A specialty pharmacy based in Florida is dealing with a class-action lawsuit concerning an October 2021 cyberattack that resulted in the stealing of the personally identifiable information (PII) and protected health information (PHI) of around 350,000 patients.
BioPlus Specialty Pharmacy Services located in Altamonte Springs, FL stated a hacker got access to its network from October 25, 2021 to November 11, 2021, and in that time period viewed records that contain sensitive patient data. A computer forensics agency investigated the incident and affirmed the access of patient information. Because it can’t be determined how many individuals were affected, the healthcare provider decided to send breach notification letters to all 350,000 individuals on or around December 10, 2021, which is one month after the discovery of the data breach.

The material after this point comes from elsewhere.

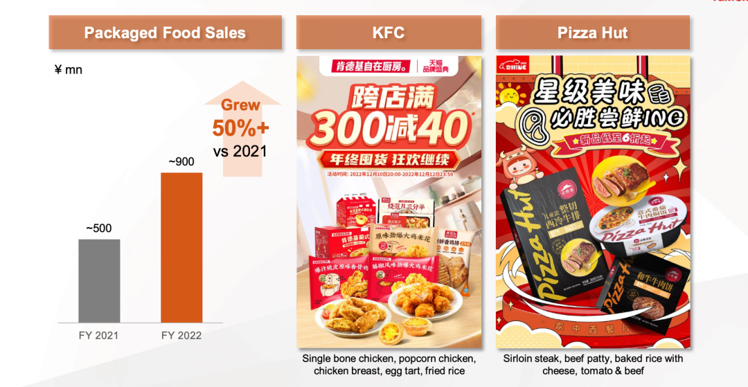 肯德基和必勝客的另一個收入增長點來自包裝食品銷售,如“肯德基自在廚房”系列,必勝客的整切西冷牛排、和牛牛肉餅等產(chǎn)品。這項業(yè)務(wù)迎合了消費(fèi)者居家用餐的需求,公司資料顯示,包裝食品的銷售較2021年實現(xiàn)了50%的增長。

Data possibly compromised in the attack included names, dates of birth, contact details, Social Security numbers, medical record numbers, health insurance and claims data diagnoses, and prescription details. Affected people were provided a free 12-month subscription to credit monitoring services.
In late December, BioPlus patient Bonnie Gilbert along with her attorneys submitted a lawsuit in the U.S. District Court of the Middle District of Florida stating that BioPlus had violated the Health Insurance Portability and Accountability Act (HIPAA) by not being able to secure the confidentiality, integrity, and availability of its patients’ PHI.
The lawsuit claims negligence for failing to sustain acceptable data security procedures, failing to employ industry-standard data security procedures, and failing to practice reasonable care in the employment and oversight of its workers and agents. The lawsuit additionally alleges BioPlus failed to identify the attack and the exfiltration of sensitive information from its system and sent late breach notifications. The lawsuit states that if there was a reasonable amount of care taken and proper data security measures were in place, the attack may have been identified earlier and/or avoided.
The lawsuit states the plaintiff and class members have experienced many actual and imminent injuries because of the data breach, which include the theft of their PII and PHI, breach of privacy, a decrease in their PII and PHI’s economic value, emotional strain, and a substantial present and future threat of identity theft and financial fraudulence, along with incurring costs trying to offset and handle the effects of the security breach.
The lawsuit seeks a jury trial, class action certification, injunctive relief, declaratory relief, and monetary settlement. Morgan & Morgan and Markovits, Stock, & DeMarco LLC represent the plaintiff.